All in all, one would think that running a secret government organization to protect the United Kingdom from alien influences would be a whole hell of a lot more interesting. And also less prone to causing paperwork. Jack had always rather thought of paperwork as something that happened to other people.
In fact...
“Hey, Ianto - just the man I was looking for.” Jack offered his most winning grin. “I got a project for you. Here, this--”

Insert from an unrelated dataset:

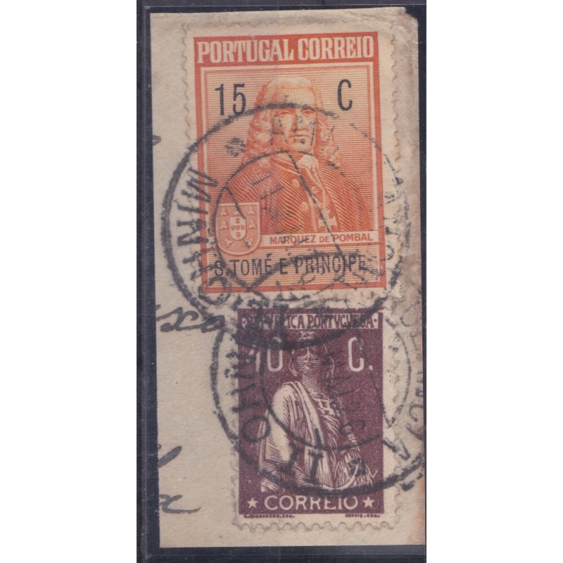 Ambulância Minho - Fragmento com selos nº 283 e selo adicional do Marques de Pombal de S. Tomé e Príncipe. Exemplar em boas condições.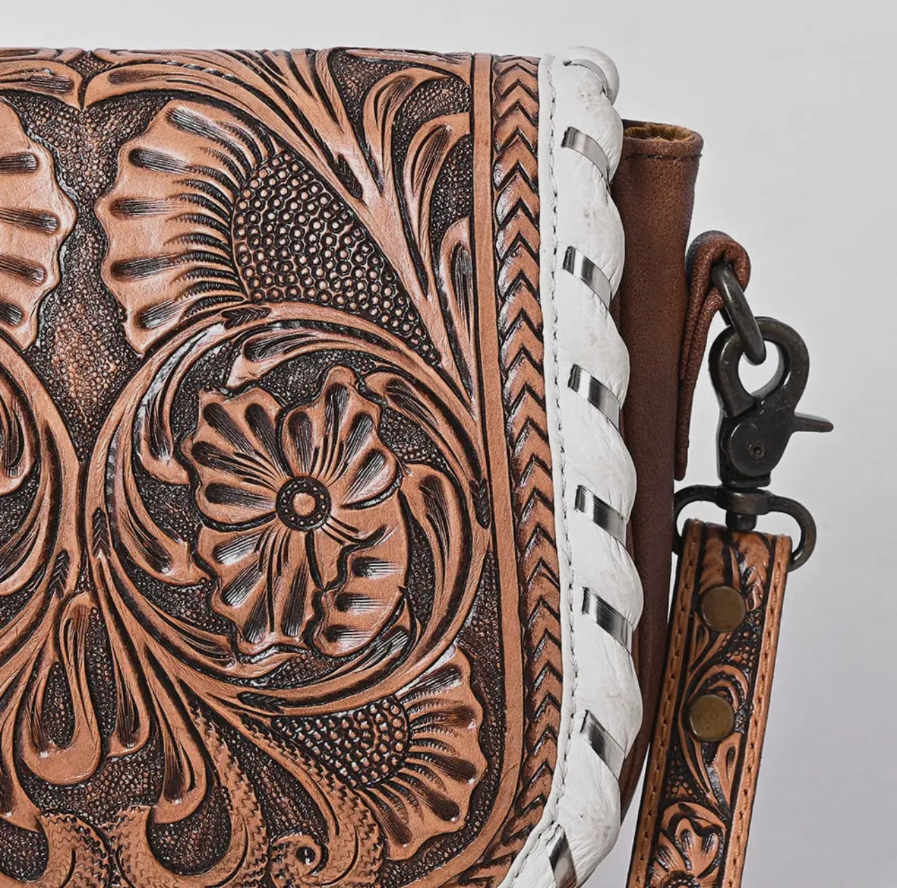 The shoulder strap is adjustable and made of 100% genuine vegetable tanned Cowhide Leather with a hand tooled pattern.

Ianto looked at the handful of files in Jack’s hand, then up at Jack. “Actually, we’ve got something more important.”
“About time. What’s up?”
“We have a problem.”
“Isn’t that our motto?” Jack grinned. “We should paint it under the door, there. Or get you a nice brass desk-plate, y’now, one of the ones with--”
“This really is a bit of a pressing problem, sir.”
“Oh. Right. So... what’s up?”
“There’s a woman in the break-room.”
About to tell Ianto that he had damned well better get used to the idea of Tosh and Gwen going wherever they liked in the office, Jack revisited the sentence and realized its greater significance. “Not one of us,” he clarified. “And you didn’t let her in?”
“No! I was away from my desk for about five minutes - there was another printer jam, and you know Owen breaks the damned thing every time he tries to fix it, and I didn’t hear anything from the door the whole time, but then... there she was!”
“Okay, okay. No problem.” Jack lifted his hands, placating the agitated man. “She’s probably a reporter; we’ll just give her a nice little tour and a complimentary cup of coffee, and--”
“I don’t think she’s a reporter, Jack.”
“Why not?”
“Well, I told you she’s in the break-room.” Ianto shifted awkwardly. “She’s just... going through the kitchen supplies.”
That set Jack off his guard. “We have a civilian intruder in Torchwood... and she’s raiding our cupboards.”
“And the icebox, yes.”
If she was an investigative reporter, Jack thought, she might be one of the most clever he’d ever known. Or at least the most creative. “Okay - show me. Whoever our guest is, sounds like she needs the welcoming committee.”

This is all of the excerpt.